I think it is time for us to take some responsibility for what our kids learn. Too much is left to the school to teach, in my opinion. I remember hours spent learning cursive in school, how painful and awful it was for me (we didn't know dysgraphia existed then, at least no one I knew did, and I have it quite badly even now), and how penmanship, or how neat your cursive writing was, was the only class I ever got a bad grade in through elem school.
If you think it is important, go to an educational supply source or to amazon and find a book on how to write it. Also go to the school and ask what grade it is taught in. If it is not taught, don't go to the teachers, go to the school board. Start a petition, go to board meetings, bring up the reasons you think it should be taught.
I know that the elem school my nephew attended taught them to write not print or cursive but a form of writing that was a mix of both and it drastically hampered his learning to read. The books did not have letters he was familiar with, nor did anything handwritten by anyone he knew look ANYTHING like what he had been taught to write. His entire class at school was the first taught with this method and their test scores were behind the previous classes for at least three years. The entire grade had problems, not just nephew, and it only stopped when sister in law and brother in law and other parents started going to school board meetings and demanding that this nonsense be stopped. Only 3 years worth of students were taught this method, but all three of them were behind in elem years.
This 'mixed' writing was some educators bright idea of how to solve which type of writing is best to teach. All I know is that it was NOT a good thing, and it was not until parents got together and went to the board of ed to complain that it was stopped. It wasn't just the kids in his grade in his school that were behind, it was ALL kids in his grade in his district, and they had to get parents from all schools to petition and go to meetings to get it changed.
If this is a problem, you can gripe, you can go to the board, or you can teach your child what you feel is important. I know that as long as my kids CAN write I am happy. BUT I was NEVER a fan of cursive even though I can and do use it. Of course, my opinion MUST be tempered with the knowledge that a day or two after a class I was unable to read my own class notes. That is still true. If I write in cursive, I cannot read my own writing after a few days. It is simply that awful, though I spent years in a Catholic school where not learning cursive was equal to allowing Satan to have your soul (I wish that was a joke, you didn't know our nuns, sigh.).
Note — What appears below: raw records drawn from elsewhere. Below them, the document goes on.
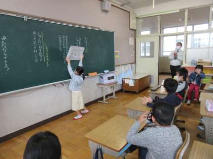 3年生では,朝の会で,ホワイトボードを使って「三択クイズ」をしています。
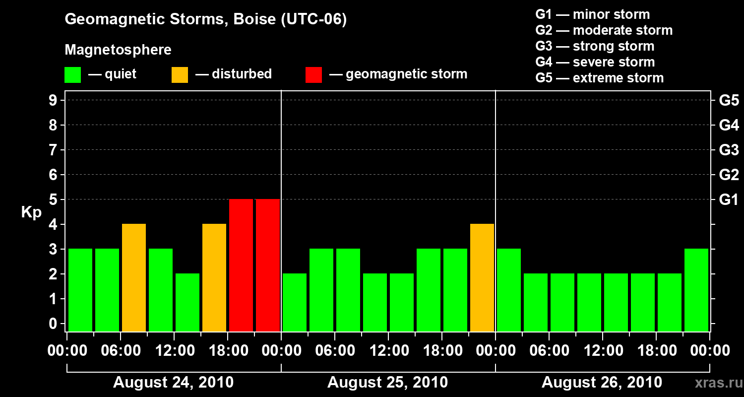 Changes in the geomagnetic index Kp from August 24 to 26, 2010 for mid latitudes
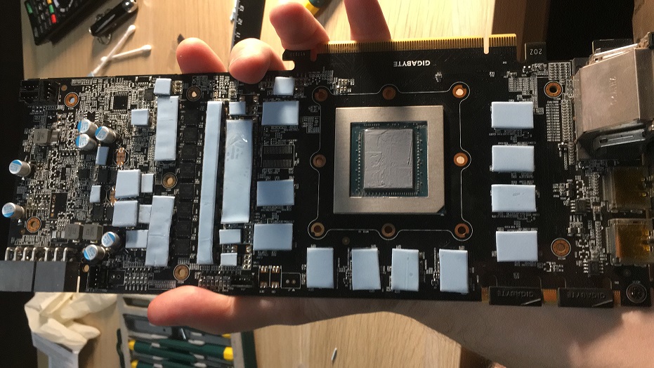 Может пригодится кому, тоже выложу для GIGABYTE GTX1080Ti-Gaming-OC-11G под водоблок BYKSKI нужны термопрокладки толщиной 1 мм на все элементы кроме трех мест, под которые в водоблоке углубления, туда нужны 1,5 мм. В теории можно сложить 1 мм в два слоя, лишнее выдавится при зажатии. Сейчас со скидкой на али 5500 этот водоблок, мне в январе 7400 вышел.
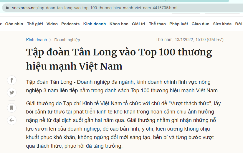 Vị thế: Tân Long thuộc top 1 nhà cung cấp nguyên liệu thức ăn chăn nuôi tại thị trường Việt Nam đồng thời cũng là DN thành công trong lĩnh vực lúa gạo chăn nuôi và điều. Thuộc vào top 100 thương hiệu mạnh nhất Việt Nam
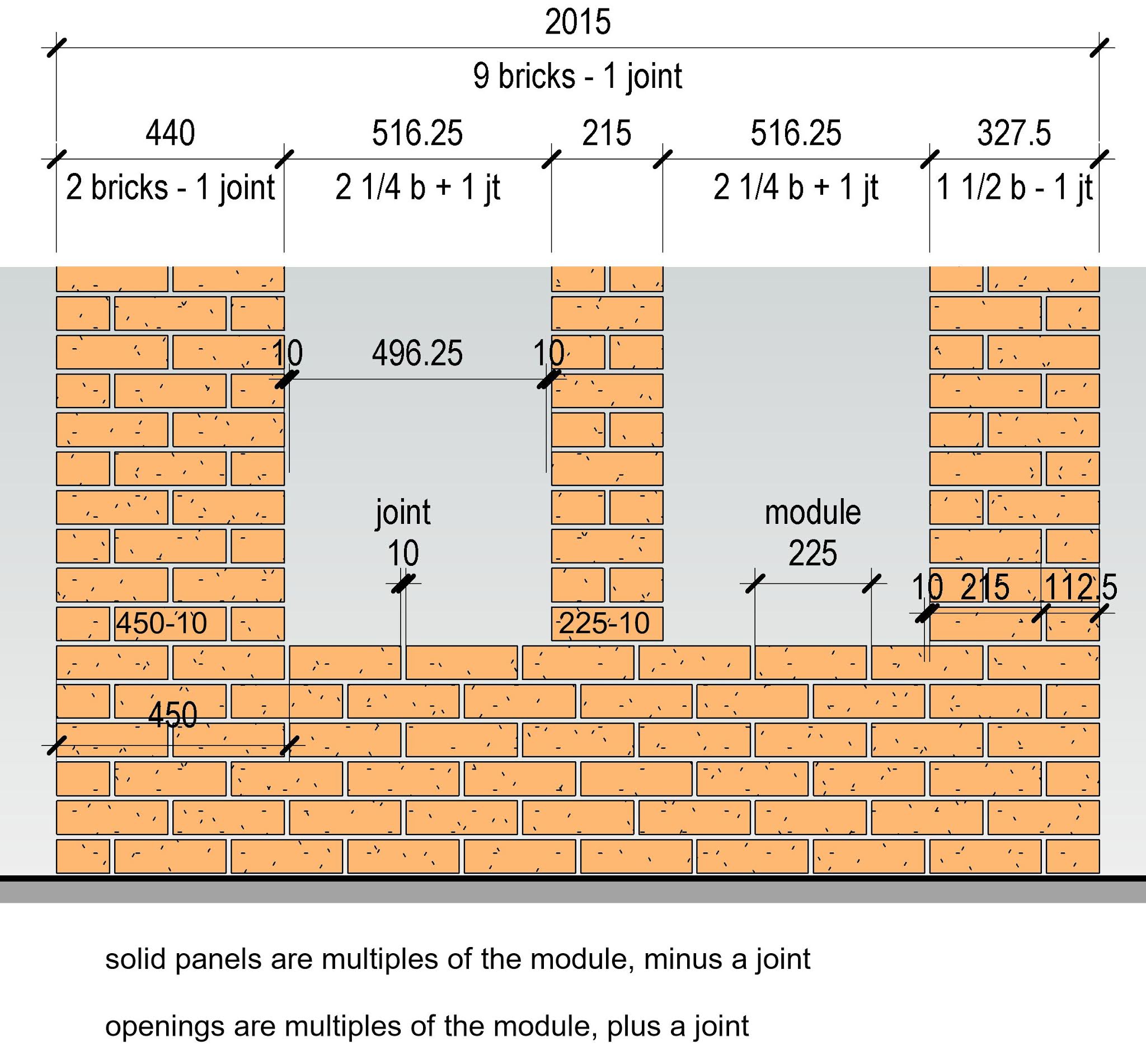 Modular sizing is especially relevant to facework. Where the wall is to be plastered, and/or the bricks are highly irregular in size, the modular approach is less relevant.
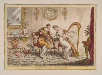 InscriptionsJs. Gillray, des. & ft. (l,r plate); London. Published October 25th 1805. by H. HUmphrey. 27 St. James Street (l,l); Harmony before Matrimony (l,c below image); 538-9 (u,c graphite; Page 325 (l,r)
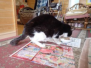 あご黒の残りをさらに食べる黒トラ2号。室内ではマルハチ君が超好評カリカリを食べた。
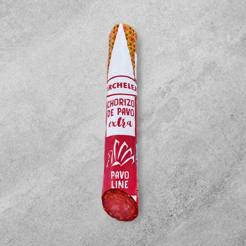 El chorizo de pavo es una alternativa más ligera al chorizo tradicional. Hecho de carne de pavo magra y especias, ofrece un sabor sabroso y ahumado, ideal para sandwiches, ensaladas y tapas saludables.
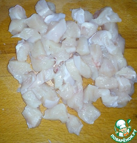 Мясо нарезаем небольшими кусочками.
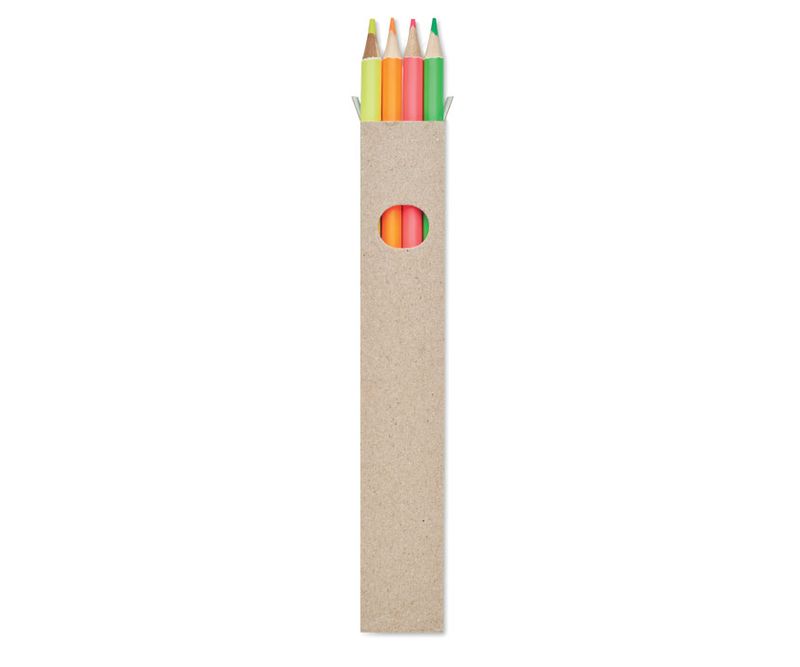 Set de 4 creioane colorate tip marker in cutie din hartie reciclata.
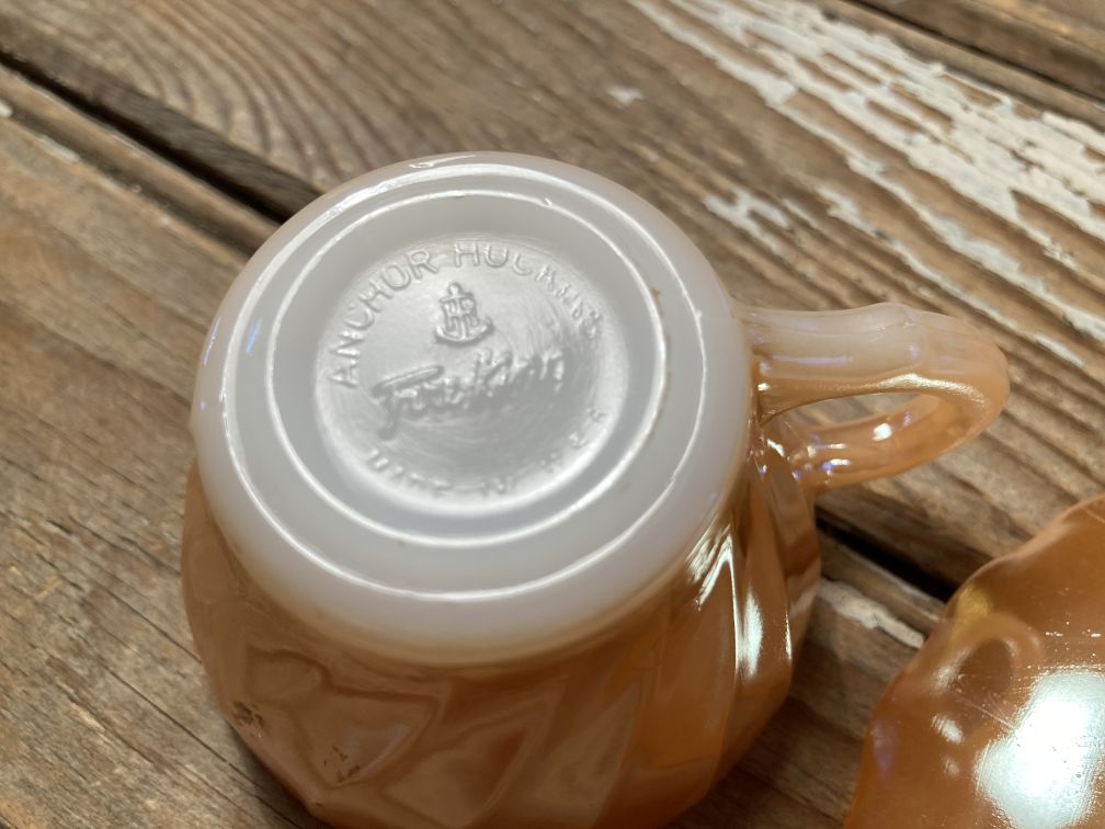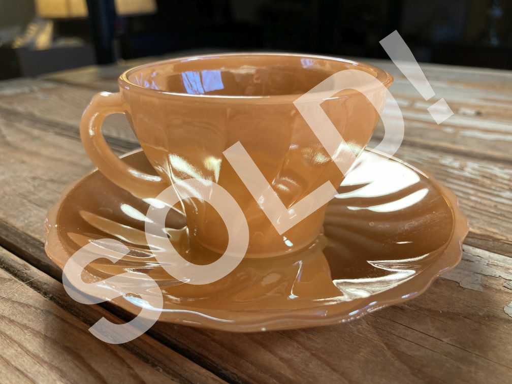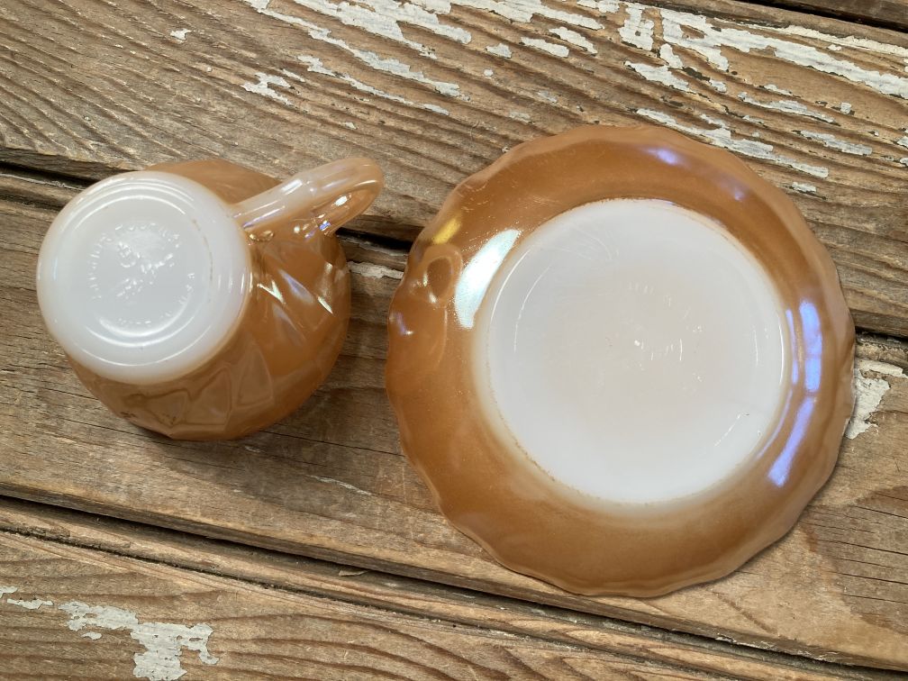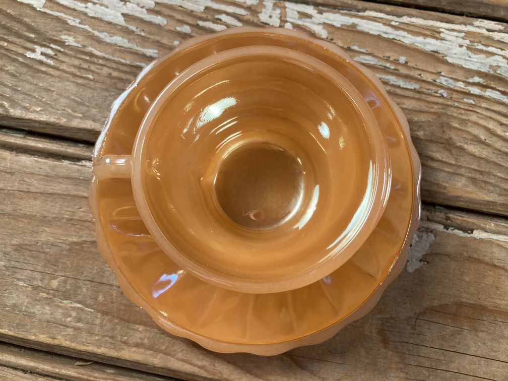 Charming little peach luster demitasse cup and saucer set from the Anchor Hocking Fire King line and swirl pattern.
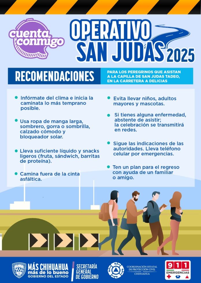 Como parte de la tradición, los caminantes recorren una distancia aproximada de 15 kilómetros sobre la carretera Chihuahua-Delicias, tramo en el cual se desplegará personal de diversas dependencias para una vigilancia permanente.

I personally taught my kids a whole lot of thigns that school did not teach them that I learned at their age in school, mostly because it was important to me that they know it. I think we are all responsible for that with our kids, and if it is important to us, we will find a way to teach it.
I believe you can find info online about how to learn cursive writing. I would google it or look for books on amazon. I know when our school decided that learning the multiplication and division tables by memory was 'unproductive', my kids spent hours at home learning them anyway. in my opinion that is important because you cannot always stop to do the problem when comparing prices in stores or at other times when you need the math.